The Corner

Peter Berkowitz’s Constitutional Conservatism

Was William F. Buckley, Jr., the founder of modern American conservatism, actually a political moderate? Was Ronald Reagan a political moderate too? In an important sense, yes, says political philosopher Peter Berkowitz, and with justice. Berkowitz’s forthcoming book, Constitutional Conservatism: Liberty, Self-Government, and Political Moderation, makes a counterintuitive yet powerful case that the secret of conservatism’s success has long been, and will continue to be, its hard-won political moderation.

Coming at a time of conservative soul-searching in the wake of the 2012 elections, Berkowitz’s brilliant and accessible meditation on the inner-workings of the larger conservative tradition — and the contemporary conservative movement — is well worth your time. (As an old colleague and friend, I’ve been lucky enough to secure an advance copy to provide you with this preview.)

By moderation Berkowitz means something a bit different than the everyday use of the word, otherwise Buckley and Reagan wouldn’t qualify. Political moderation, says Berkowitz, “doesn’t mean selling out causes or making a principle of pragmatism.” A true understanding of moderation can even dictate strong stances and bold opposition to popular movements. Real political moderation, Berkowitz explains, means balancing worthy yet competing principles and putting them effectively into practice.

Above all, Berkowitz refers here to conservatism’s efforts to balance liberty and tradition. Constitutional Conservatism is largely an effort to update and deepen Frank Meyer’s fusionism, the reconciliation of libertarian and social conservatism that undergirds National Review, and America’s broader conservative movement. Berkowitz’s fascinating chapter on the last several decades of conservatism (sure-fire fun for any regular Corner reader) is a modern-day attempt to forge a principled alliance between often-fractious wings of our movement.
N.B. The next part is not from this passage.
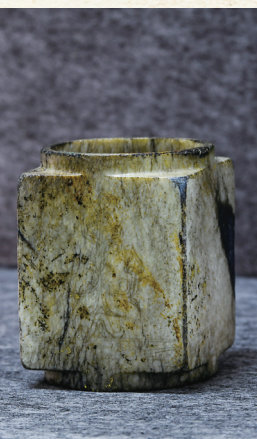
3号“祭祀坑”出土的刻有神树纹的玉琮。

And the chapter on Burke from the book, published last week by Policy Review, shows that modern conservatism is rooted in the recognition that the securing of liberty depends on the preservation of tradition. To the extent that conservatism coheres intellectually and prospers politically, argues Berkowitz, it does so because of the movement’s capacity to prudently balance the complementary yet competing demands of liberty and tradition.

This, the core, of Berkowitz’s argument is likely to provoke widespread assent and gratitude from conservatives. His more controversial theme is that the reconciliation of worthy but competing conservative principles required by political moderation also involves the need to effectively implement those principles by adjusting them to “the changing habits and opinions of the American people.” Berkowitz does an excellent job of showing that successful conservatism has always found ways to make peace with changing social mores and entrenched political settlements, even as it sought to limit and scale back leftist excess. The question is, how do conservatives put that principle into practice today?#more#

Berkowitz’s brief answer to that question in his final chapter is susceptible to different interpretations. He calls on conservatives to make a peace of sorts with both the sexual revolution and the fundamentals of the New Deal welfare state, without, on the other hand, surrendering either their fundamental principles or their core battles.

You could take this as more a call for rhetorical adjustment than substantive change, but maybe also as a plea for some serious policy retrenchment. Berkowitz doesn’t want to over-specify, because his vision of constitutional conservatism isn’t meant to serve as detailed policy guide. It is, rather, a way of thinking about the inner-workings of conservatism itself, not an itemized issue-roadmap for activists on the ground.

My own take is that the “changing habits and opinions of the American people” notwithstanding, Obama’s policy overreach is likely to revive and unite conservatives in the president’s second term, as Berkowitz himself suggests in his book’s opening pages it did in Obama’s first term. Obama’s failures and transformative ambitions, I think, will be our salvation, rather than retrenchment on core conservative policies.

Whatever your response to Berkowitz’s closing suggestions, his overall account of the course of conservatism is compelling. In practical terms, conservatives of many stripes need to work together in order to succeed. Berkowitz sketches out principled grounds upon which that cooperation can proceed, while showing that this is what conservative greats going back to Edmund Burke and the Founders and right up to Buckley, Reagan, and Irving Kristol have been up to all along.

Insofar as conservatives succeed in accommodating the competing principles at the heart of our movement, we are all political moderates. That demanding and higher moderation, more true to the complexity of human nature and the realities of moral and political life than its contrary, argues Peter Berkowitz, is the real key to the past and future of conservatism.

Stanley Kurtz is a senior fellow at the Ethics and Public Policy Center.